[Records from a data source]
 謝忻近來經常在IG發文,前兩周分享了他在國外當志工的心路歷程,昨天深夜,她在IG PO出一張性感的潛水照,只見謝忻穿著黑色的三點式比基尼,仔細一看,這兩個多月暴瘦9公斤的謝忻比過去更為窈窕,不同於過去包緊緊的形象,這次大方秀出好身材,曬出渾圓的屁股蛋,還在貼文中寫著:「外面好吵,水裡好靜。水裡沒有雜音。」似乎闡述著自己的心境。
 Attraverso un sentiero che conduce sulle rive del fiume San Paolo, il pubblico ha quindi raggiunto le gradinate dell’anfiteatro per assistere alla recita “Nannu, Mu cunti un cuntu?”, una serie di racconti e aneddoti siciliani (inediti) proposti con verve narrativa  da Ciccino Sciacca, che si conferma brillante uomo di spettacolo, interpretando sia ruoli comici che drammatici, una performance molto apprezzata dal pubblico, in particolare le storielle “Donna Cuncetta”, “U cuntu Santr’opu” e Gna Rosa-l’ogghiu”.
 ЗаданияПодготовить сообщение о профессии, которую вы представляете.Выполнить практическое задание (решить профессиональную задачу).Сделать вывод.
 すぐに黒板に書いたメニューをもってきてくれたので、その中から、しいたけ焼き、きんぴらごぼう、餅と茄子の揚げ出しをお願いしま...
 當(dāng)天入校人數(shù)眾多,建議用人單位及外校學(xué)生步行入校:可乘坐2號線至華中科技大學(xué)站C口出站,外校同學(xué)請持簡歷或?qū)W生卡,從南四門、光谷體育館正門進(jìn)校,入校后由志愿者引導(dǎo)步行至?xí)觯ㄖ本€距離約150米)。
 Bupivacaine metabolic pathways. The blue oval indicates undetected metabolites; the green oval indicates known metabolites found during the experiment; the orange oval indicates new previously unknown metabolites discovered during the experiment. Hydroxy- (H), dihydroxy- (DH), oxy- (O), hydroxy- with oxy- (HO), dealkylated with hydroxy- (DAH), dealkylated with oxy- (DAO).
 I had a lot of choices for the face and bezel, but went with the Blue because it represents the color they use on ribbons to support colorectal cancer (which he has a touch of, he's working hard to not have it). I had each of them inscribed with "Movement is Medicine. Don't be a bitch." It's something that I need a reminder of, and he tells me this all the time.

> **Aim of the exercise**
Return all of the data exactly as it reads.

> **Exercise answer**
 謝忻近來經常在IG發文,前兩周分享了他在國外當志工的心路歷程,昨天深夜,她在IG PO出一張性感的潛水照,只見謝忻穿著黑色的三點式比基尼,仔細一看,這兩個多月暴瘦9公斤的謝忻比過去更為窈窕,不同於過去包緊緊的形象,這次大方秀出好身材,曬出渾圓的屁股蛋,還在貼文中寫著:「外面好吵,水裡好靜。水裡沒有雜音。」似乎闡述著自己的心境。
 Attraverso un sentiero che conduce sulle rive del fiume San Paolo, il pubblico ha quindi raggiunto le gradinate dell’anfiteatro per assistere alla recita “Nannu, Mu cunti un cuntu?”, una serie di racconti e aneddoti siciliani (inediti) proposti con verve narrativa  da Ciccino Sciacca, che si conferma brillante uomo di spettacolo, interpretando sia ruoli comici che drammatici, una performance molto apprezzata dal pubblico, in particolare le storielle “Donna Cuncetta”, “U cuntu Santr’opu” e Gna Rosa-l’ogghiu”.
 ЗаданияПодготовить сообщение о профессии, которую вы представляете.Выполнить практическое задание (решить профессиональную задачу).Сделать вывод.
 すぐに黒板に書いたメニューをもってきてくれたので、その中から、しいたけ焼き、きんぴらごぼう、餅と茄子の揚げ出しをお願いしま...
 當(dāng)天入校人數(shù)眾多,建議用人單位及外校學(xué)生步行入校:可乘坐2號線至華中科技大學(xué)站C口出站,外校同學(xué)請持簡歷或?qū)W生卡,從南四門、光谷體育館正門進(jìn)校,入校后由志愿者引導(dǎo)步行至?xí)觯ㄖ本€距離約150米)。
 Bupivacaine metabolic pathways. The blue oval indicates undetected metabolites; the green oval indicates known metabolites found during the experiment; the orange oval indicates new previously unknown metabolites discovered during the experiment. Hydroxy- (H), dihydroxy- (DH), oxy- (O), hydroxy- with oxy- (HO), dealkylated with hydroxy- (DAH), dealkylated with oxy- (DAO).
 I had a lot of choices for the face and bezel, but went with the Blue because it represents the color they use on ribbons to support colorectal cancer (which he has a touch of, he's working hard to not have it). I had each of them inscribed with "Movement is Medicine. Don't be a bitch." It's something that I need a reminder of, and he tells me this all the time.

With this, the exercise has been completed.